A fundamental problem in differential geometry is to find canonical metrics on Riemannian manifolds, i.e., metrics which are highly symmetrical, for example metrics with constant curvature in some sense. In 1982, R. S. Hamilton [J. Differ. Geom. 17, 255–306 (1982; Zbl 0504.53034)] introduced the concept of Ricci flow, that is a method of processing a smooth Riemannian metric \(g\) on a fixed, smooth, closed manifold \(M\) by allowing it to evolve as a one-parametric family of Riemannian metrics \(g_t\), where \(t\) is in some interval, under the weakly parabolic differential equation \(\frac{\partial g_t}{\partial t}=-2 \operatorname{Ric}(g_t)\), with \(g_0=g\), where Ric\((g_t)\) is the Ricci tensor field associated to \(g_t\).
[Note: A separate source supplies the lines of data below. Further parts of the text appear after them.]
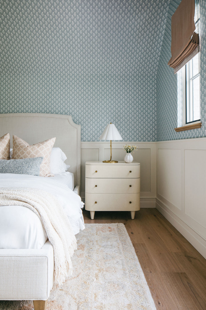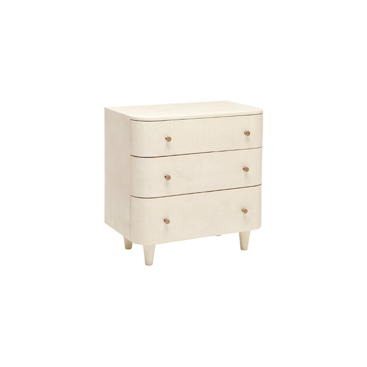 The Ruby Nightstand features an Art Deco-inspired silhouette that embodies classic Upper East Side elegance. Crafted from off-white faux raffia, it showcases rounded corners and tapered legs, complemented by distinctive hardware. This refined design adds a sophisticated touch to any bedroom, blending timeless style with artisanal craftsmanship.
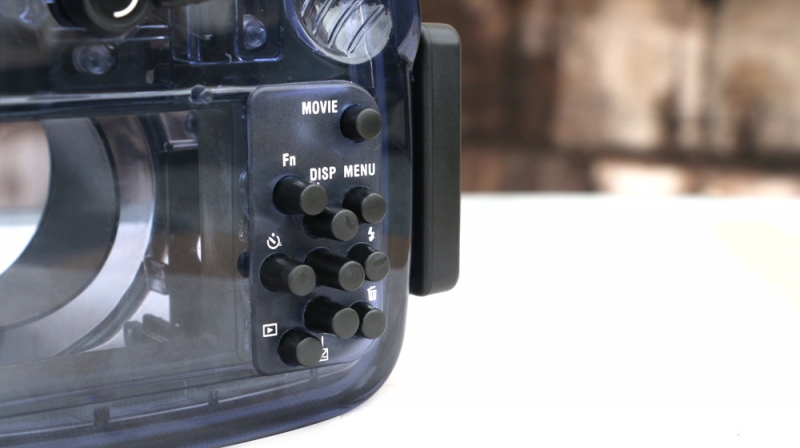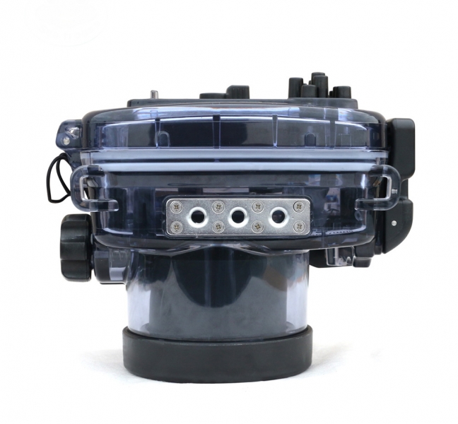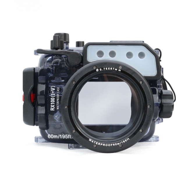 Подводный бокс (аквабокс) для фотоаппаратов Sony Sony CyberShot RX100 моделей I-V - выполнен из сверхпрочного поликарбоната с дополнительными ребрами жесткости повышающими крепкость бокса, глубина погружения 60 метров.
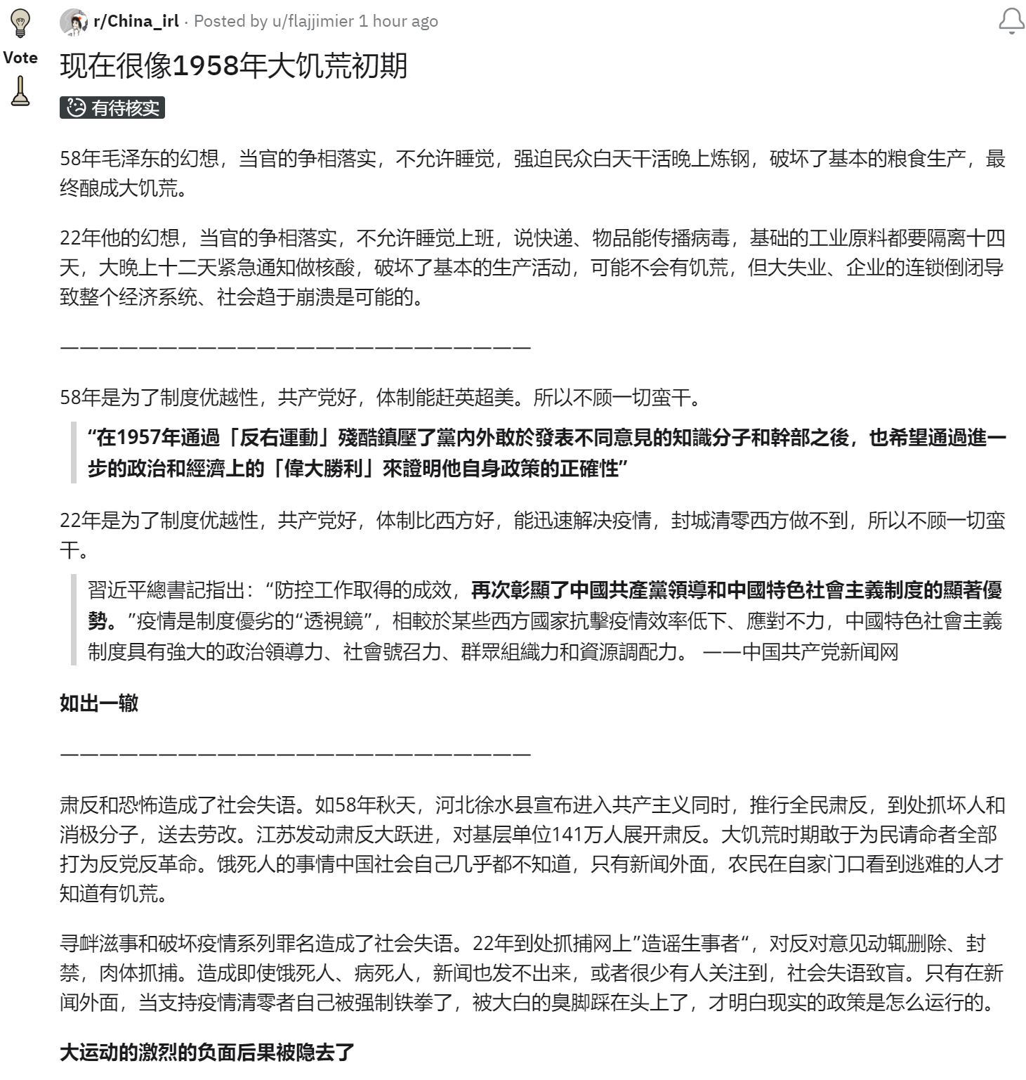 《时刻新闻》报道,4月15日,Reddit上,网友“flajjimier”发表了一篇评论,对比了毛泽东执政的1958年和习近平执政的2022年,感叹现在很像1958年大饥荒初期。
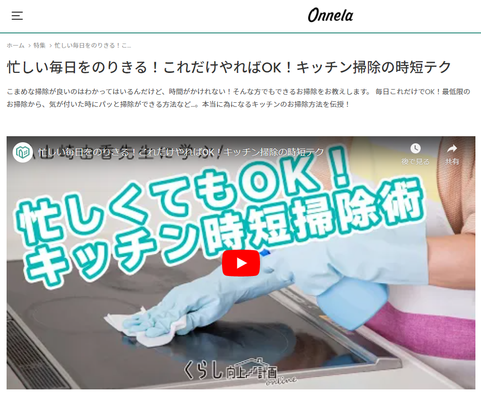 くらし向上計画×onnela「忙しい毎日をのりきる!これだけやればOK!キッチン掃除の時短テク「」
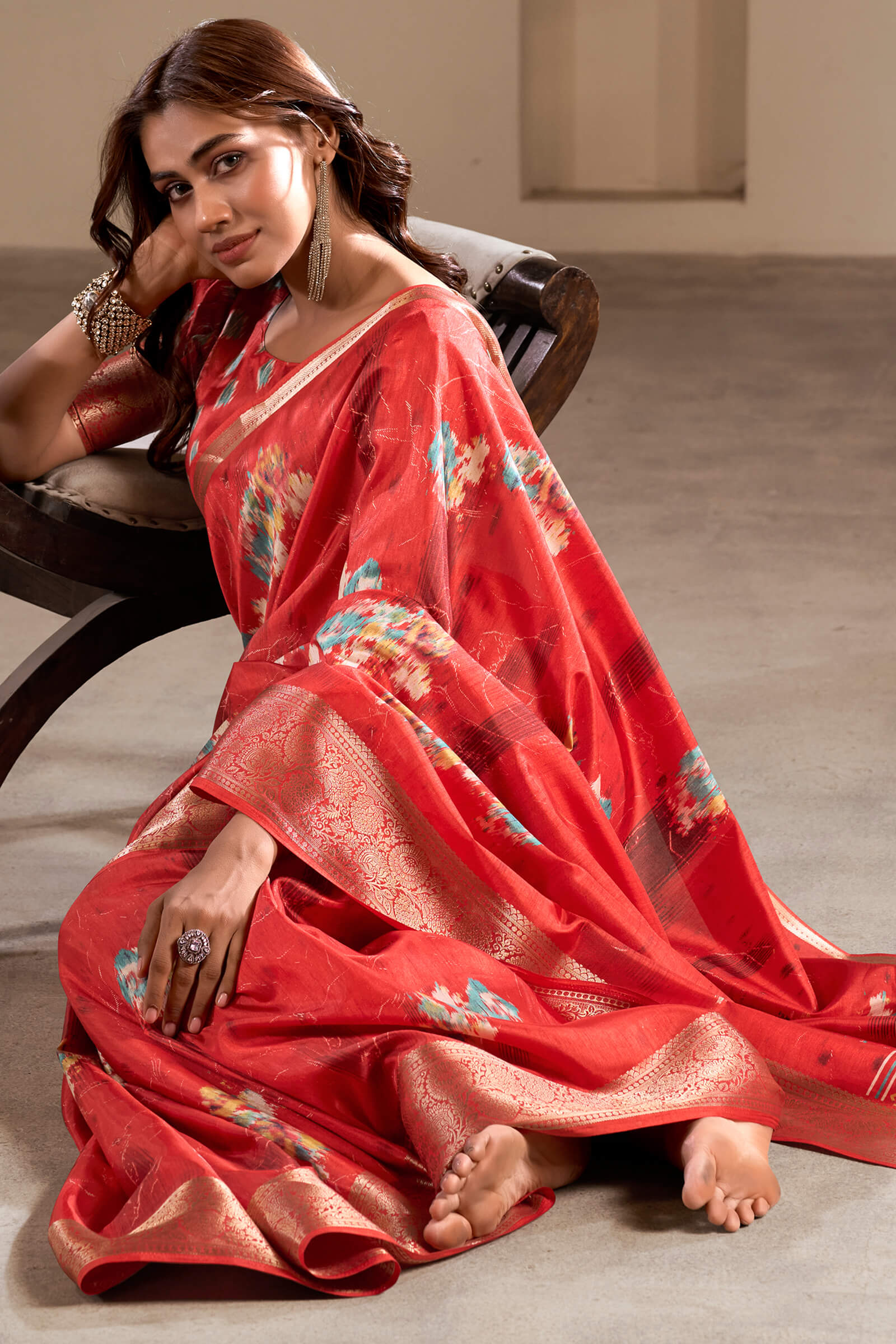 Piquant Red Digital Printed Dola Silk Saree With Evocative Blouse Piece
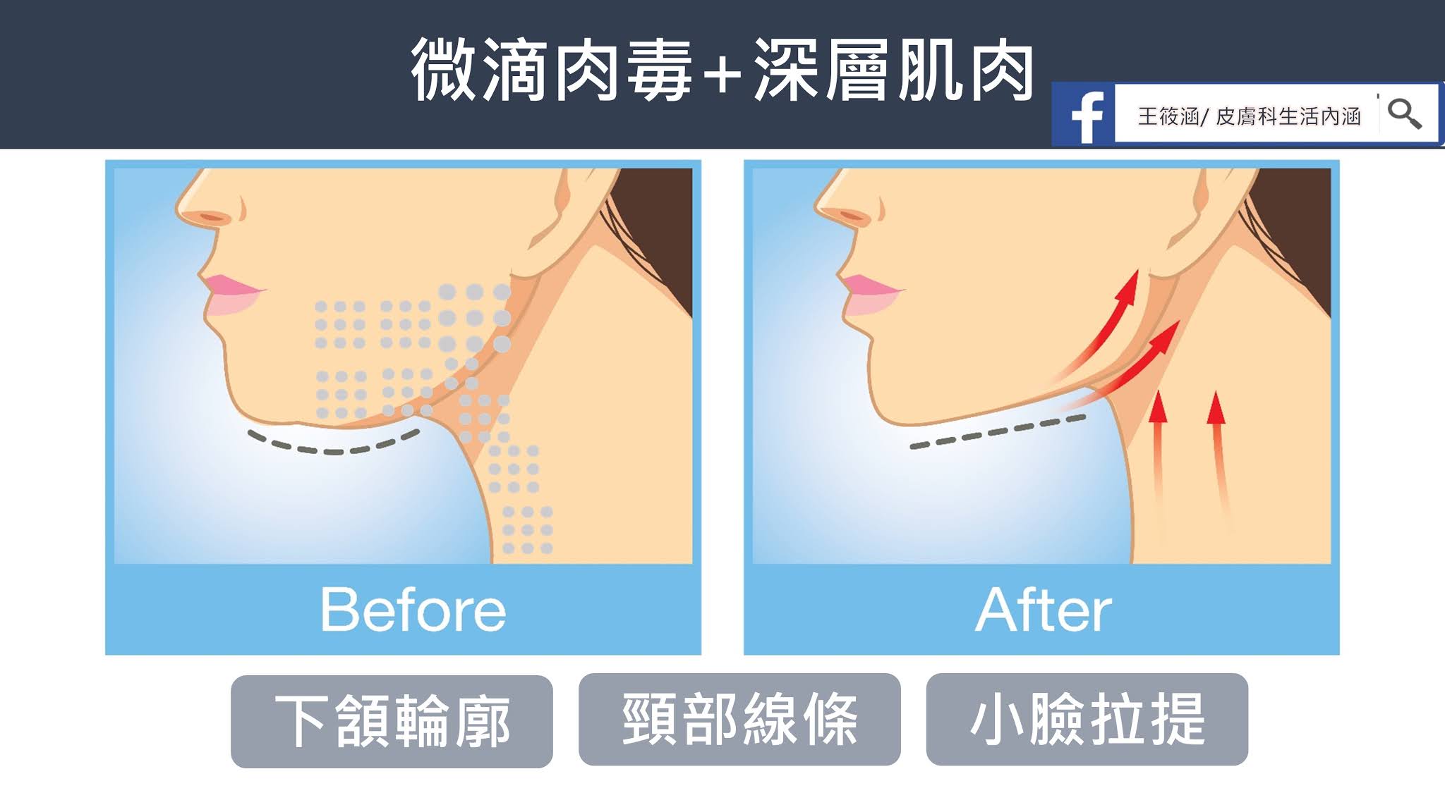 - 提升皮膚膚質,微滴肉毒 (Microbotox) [1,2] 施打方式,提升臉部線條、皮膚緊緻感,放鬆闊頸肌肉的埃及王后拉提(Nefertiti lift) [1,3] ,抑制頸部肌肉往下拉扯的拉力,讓整體線條往上拉提緊實。
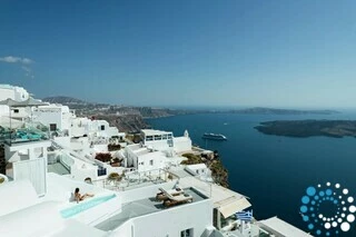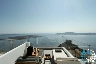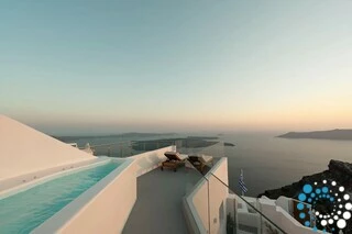 Perched directly above the legendary Skaros Rock, the suite offers breathtaking 180-degree views, stretching from Oia in the north to Akrotiri in the south. Guests can enjoy spectacular vistas from sunrise to sunset, making it the ultimate spot to experience Santorini’s world-famous sunsets.
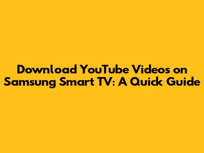 Hey guys! Want to watch your favorite YouTube videos offline on your Samsung Smart TV? Well, it's a bit of a process, but totally doable. Let's dive into how to download YouTube videos on your Samsung Smart TV and enjoy your favorite content anytime, anywhere!
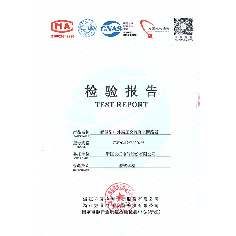ZW20-12/T630-25智能型戶外高壓交流真空斷路器 檢驗報告
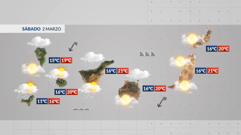 Las precipitaciones podrían ser en forma de aguanieve en cumbres de La Palma o en el entorno de Izaña, en Tenerife. Temperaturas frescas en medianías y cumbres, valores 18 – 23ºC en costas. Soplará el alisio moderado, todavía con intervalos de fuerte en vertientes Sureste, Noroeste y cumbres de las islas más montañosas por la mañana.
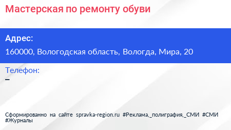 Мастерская по ремонту обуви по адресу 160000, Вологодская область, Вологда, Мира, 20 в дальнейшем Организация, размещена в следующих категориях:
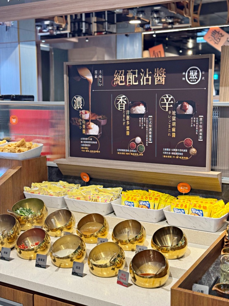 醬料自助區選擇搭配也很多元,可以依照自己喜好做調配,或是依照上頭的黃金比例做調製~
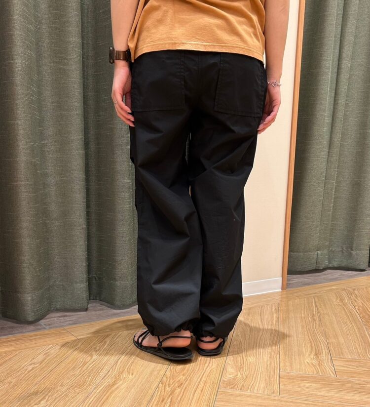 トレンドのカーゴパンツですが、ボリュームを抑えてあるので、挑戦しやすいデザインになっております!

The Ricci flow is a natural analogue of the heat equation for Riemannian metrics, and consequently, the curvature tensor fields evolve by a system of diffusion equations which tends to distribute the curvature uniformly over the manifold, so that one expects that the initial metric should be improved and evolve into a canonical metric. This concept was the essential ingredient of Hamilton’s method, allowing him to prove the theorem asserting the existence of a Riemannian metric of constant positive sectional curvature on a closed three-manifold \(M\), if the initial metric \(g\) has the property \(\operatorname{Ric}(g)>0\). More precisely, under these assumptions about \((M,g)\), Hamilton (loc. cit.) proved that the Ricci flow has a finite-time singularity and, at the singularity, the diameter of \(M\) tends to zero and the curvature blows up at every point. Also, he showed that – in this case – rescaling by a time-dependent function, so that the diameter is constant, produces a one-parameter family of Riemannian metrics, converging smoothly to a Riemannian metric of constant positive sectional curvature.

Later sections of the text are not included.